Tidak jarang saya diam-diam meneteskan airmata melihat kesederhanan hidup Sang Mujahid ini dalam mengembang dakwah Hadhrat Imam Mahdi a.s. di kawasan Jawa Timur. Saya memanggil Maulana Malik dengan sapaan "Om" karena kebiasaan keluarga kami di Jawa Barat. Kami pernah tinggal di Bandung, Garut, Bogor, Sukabumi dan Jakarta. Papi pejabat di PU dari zaman kolonial hingga era kemerdekaan. Sedang asal Papi dari Keluarga Galuh Ciamis. Papi saya, Ir. Gumiwa Partakoesoma (alm), seingat saya sering bahu membahu dengan banyak bapak muballigh markazi awal di Jawa Barat dan Jakarta. Termasuk Maulana Malik. Saya pernah mengikuti Tabligh Akbar dan beliau sebagai pembicara tunggal di suatu gedung bersejarah yang megah di Surabaya.

Pada saat-saat tertentu, Maulana Malik datang ke Bangil dan menginap di rumah. Rumah memang tempatnya para pejabat daerah untuk bersilaturrahmi termasuk tokoh-tokoh agama. Dari sekian tokoh yang sering datang ke rumah adalah Tuan A. Hasan, lawan debat Maulana Rahmat Ali HA OT di Gang Kenari Jakarta, 1933. Tuan A.Hasan sering minta berbagai macam sumbangan termasuk menjual buku-buku dan majalah terbitan Persis (Persatuan Islam). Saya sendiri tidak mengatahui cerita ini pada awalnya, karena masa itu, kata Papi Gumiwa saya baru bisa berjalan. Ini cerita Papi Gumiwa.

Kepada Bapak Amin, suami saya, Tuan A. Hasan sering menghadiahkan Majalah Al Muslimun, asuhan beliau dan diterbitkan oleh Persis (Persatuan Islam). Kadang Papi Gumiwa juga kalau datang ke Bangil sering membawa majalah Sinar Islam, Majalah terbitan Jemaat di tahun 1932 di Batavia.Terkadang juga beliau kirim per pos.Saya tidak terlalu mengetahui di masa itu, bahwa Sinar Islam dan Almuslimun sering menampilkan perdebatan sengit soal-soal Ahmadiyah. Keahmadiyahan, zaman itu,saya tidak banyak mengetahui. Cuma, papi seing menganjurkan dan mengajarkan kecintaan yang tulus kepada Jemaat dan kepada para "bapak utusan." Di zaman itu bapak-bapak muballigh kita panggil dengan sapaan "bapak utusan". Tuan A. Hasan pindah ke Bangil setelah lama bermukim di Bandung. Di Bangil, selain penduduk keturunan Madura, memang banyak juga penduduk yang berdarah ketuirunan India-Pakistan.

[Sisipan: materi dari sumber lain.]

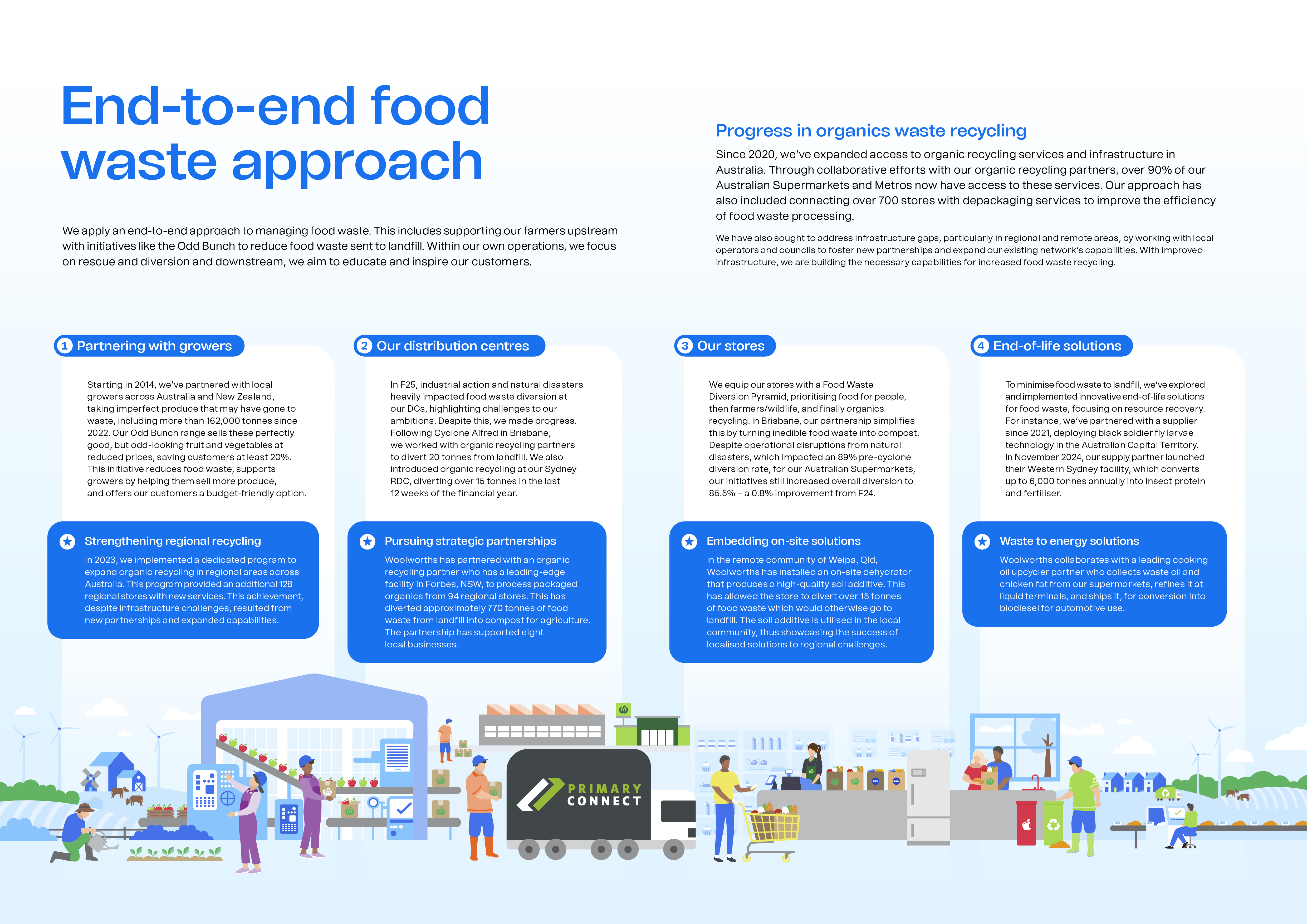 We’re transitioning our own brand bread bags to use 30% recycled soft plastic, taking the mass balanced approach, which allows soft plastics to be transformed into new, food-grade packaging. This packaging started appearing on shelves in June 2025 across selected own brand bread products, and will save approximately 50 tonnes of virgin plastic annually.

Rupanya suatu ketika Tuan A.Hasan ke rumah dan menemukan Majalah Sinar Islam. Alangkah kagetnya beliau. Kepada Bapak Amin, Tuan A.Hasan bertanya, apa kaitannya dengan Pak Amin dengan Sinar Islamnya Ahmadiyah. Dengan tulusnya, bapak Amin mengatakan bahwa mertua beliau, Papi Gumiwa adalah tokoh Ahmadiyah. Konon, merah padam muka beliau melihat kenyataan ini. Sejak saat itu, Tuan A. Hasan tidak pernah lagi datang ke rumah. Peristiwa ini saya ceritakan ke Papi Gumiwa dan saya minta kepada beliau apa sebenarnya hubungan Ahmadiyah dengan A. Hassan. Maka Papi bercerita tentang perdebatan Gang Kenari, Batavia Centrum,
yang terkenal dengan "kekalahan" Persis dengan A. Hasan sebagai debaternya melawan Ahmadiyah itu.Debater dari Ahmadiyah adalah Maulana Rahmat Ali HAOT dan Maulana Abubakar Ayyub HA. Di kemudian hari setelah debat Gang Kenari itu banyak murid Tuan A. Hasan dari Persis masuk Jemaat. Termasuk murid kesayangannya yang bernama Marah Mansoer, berdarang Minang, tinggal di Bogor yang dikemudian hari diantaranya menurunkan keluarga Bapak Osvian Mansoor yang menetap di Kopleks Perumahan Dosen UI di Ciputat Jakarta itu. Termasuk juga Bapak Ismed Mansoor anggota Jemaat Peninggilan, Tangerang, Banten.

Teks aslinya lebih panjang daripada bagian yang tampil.